Thirteen years after his last novel Wizard of the Crow, Ngugi wa Thiong’o, who turned 81 on 5 January, has a new one forthcoming. Kenda Muiyuru: Rugano Rwa Gikuyu na Mumbi, published in Gikuyu by East African Educational Publishers, is, according to Kenya’s The Standard, “a ground-breaking epic that subverts patriarchy and roots for social equity.” The book, the author’s 10th fiction book and 34th overall, will be translated into English by him, as The Perfect Nine: The Story of Gikuyu and Mumbi. 
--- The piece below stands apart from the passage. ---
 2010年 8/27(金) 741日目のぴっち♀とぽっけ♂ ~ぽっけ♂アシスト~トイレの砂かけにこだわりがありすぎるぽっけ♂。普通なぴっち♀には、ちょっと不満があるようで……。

Writing in The Standard, Peter Kimani, author of Dance of the Jacaranda, calls Kenda Muiyiru “ground-breaking on several fronts,” both as an epic, “a genre that he is least known for,” and as “an affirmation of his decades-long commitment of writing in an African language.” While the revered author has been writing fiction primarily in his native Gikuyu for decades, since 1980’s Caitaani Mutharaba-Ini (Devil on the Cross), he has stated that his nonfiction and academic work would continue to be written first in English.
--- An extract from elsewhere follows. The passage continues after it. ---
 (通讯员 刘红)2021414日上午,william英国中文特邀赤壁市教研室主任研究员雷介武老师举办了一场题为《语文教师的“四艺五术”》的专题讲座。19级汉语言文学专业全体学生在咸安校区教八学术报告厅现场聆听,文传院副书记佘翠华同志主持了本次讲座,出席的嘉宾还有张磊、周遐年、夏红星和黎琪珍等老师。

Kimani calls the 136-page novel, Ngugi’s shortest so far, his most feminist yet, writing that it “proudly joins the hallowed space of world epics, such as Sundiata: An Epic of Old Mali and epics of ancient India such as Ramayana and Mahabharata.” Aesthetically, “it is possibly his most sophisticated. Every line encapsulates sage philosophy, rendered with lyrical tenderness.”
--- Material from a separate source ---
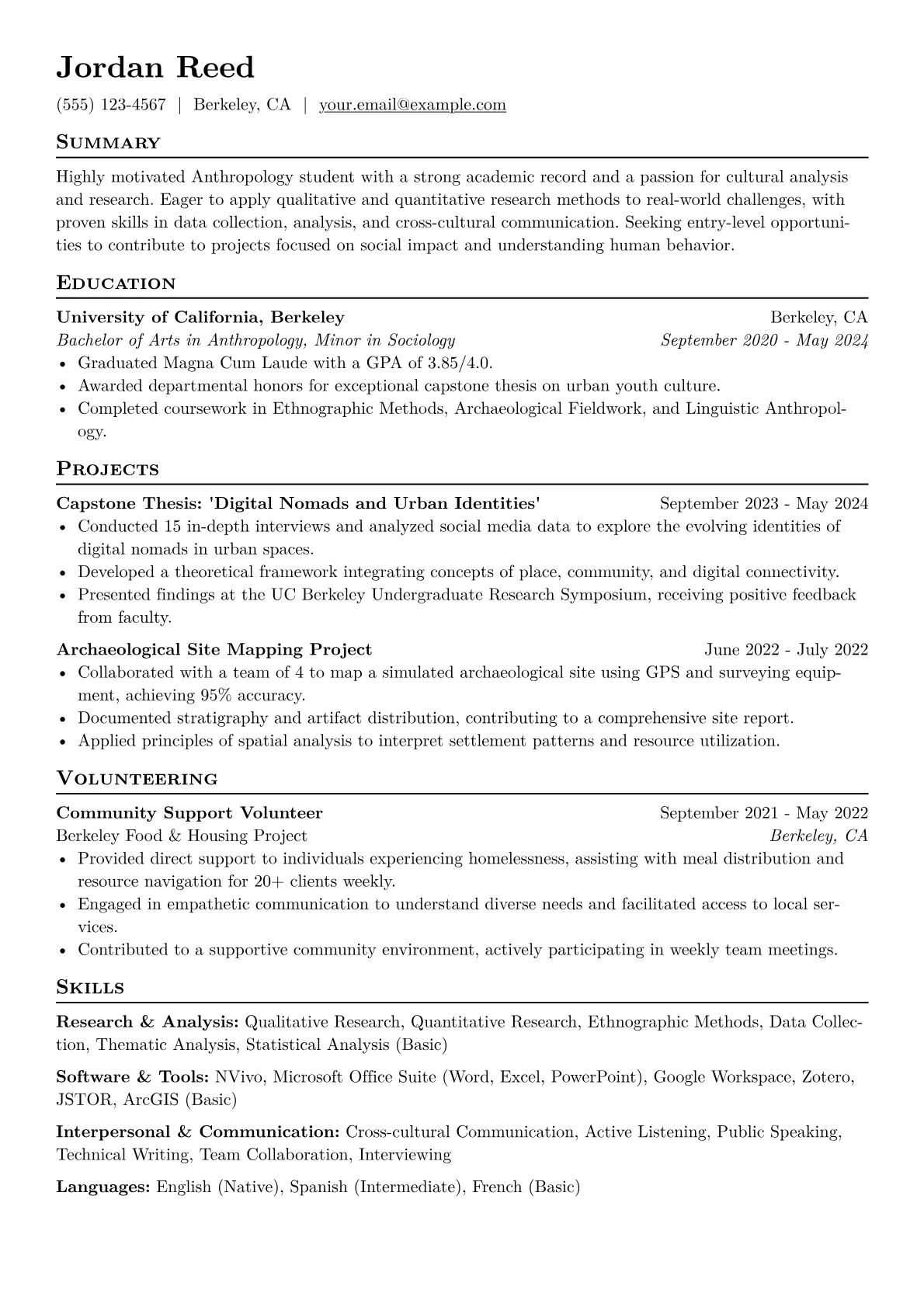This template was built with JobSprout and can be remixed to create your own tailored Anthropology Student resume. It provides a robust framework to highlight your specialized skills and achievements effectively.

In December, Ngugi: Reflections on His Life of Writing, edited by Simon Gikandi and Ndirangu Wachanga to celebrate his 80 years of age, was released by the British publisher Boydell & Brewer.

Our crosscheck of Ngugi’s titles on Wikipedia with those on his website shows 33 published books. His fiction oeuvre includes seven previous novels: Weep Not, Child, (1964), The River Between, (1965), A Grain of Wheat, (1967, 1992), Petals of Blood (1977), Caitaani Mutharaba-Ini (Devil on the Cross, 1980), Matigari ma Njiruungi (1986), Mũrogi wa Kagogo (Wizard of the Crow, 2006); and two short story collections: A Meeting in the Dark (1974) and Secret Lives, and Other Stories (1976).

He has published 13 collections of essays and polemic: Homecoming: Essays on African and Caribbean Literature, Culture, and Politics (1972), Writers in Politics: Essays (1981), Education for a National Culture (1981), Barrel of a Pen: Resistance to Repression in Neo-Colonial Kenya (1983), Decolonising the Mind: The Politics of Language in African Literature (1986), Mother, Sing For Me (1986), Writing against Neo-Colonialism (1986), Moving the Centre: The Struggle for Cultural Freedom (1993), Penpoints, Gunpoints and Dreams: The Performance of Literature and Power in Post-Colonial Africa (1998), Something Torn and New: An African Renaissance (2009), Globalectics: Theory and the Politics of Knowing (2012), In the Name of the Mother: Reflections on Writers and Empire (2013), and Secure the Base (2016).

He has released four memoirs: Detained: A Writer’s Prison Diary (1981), Dreams in a Time of War: a Childhood Memoir (2010), In the House of the Interpreter: A Memoir (2012), and Birth of a Dream Weaver: A Memoir of a Writer’s Awakening (2016).

He has further published four plays: The Black Hermit (1963), This Time Tomorrow (1970), The Trial of Dedan Kimathi (1976), and Ngaahika Ndeenda: Ithaako ria ngerekano (I Will Marry When I Want, 1977); and three children’s books: Njamba Nene and the Flying Bus (1986), Njamba Nene and the Cruel Chief (1988), and Njamba Nene’s Pistol (1990).

Brittle Paper congratulates and sends him birthday wishes.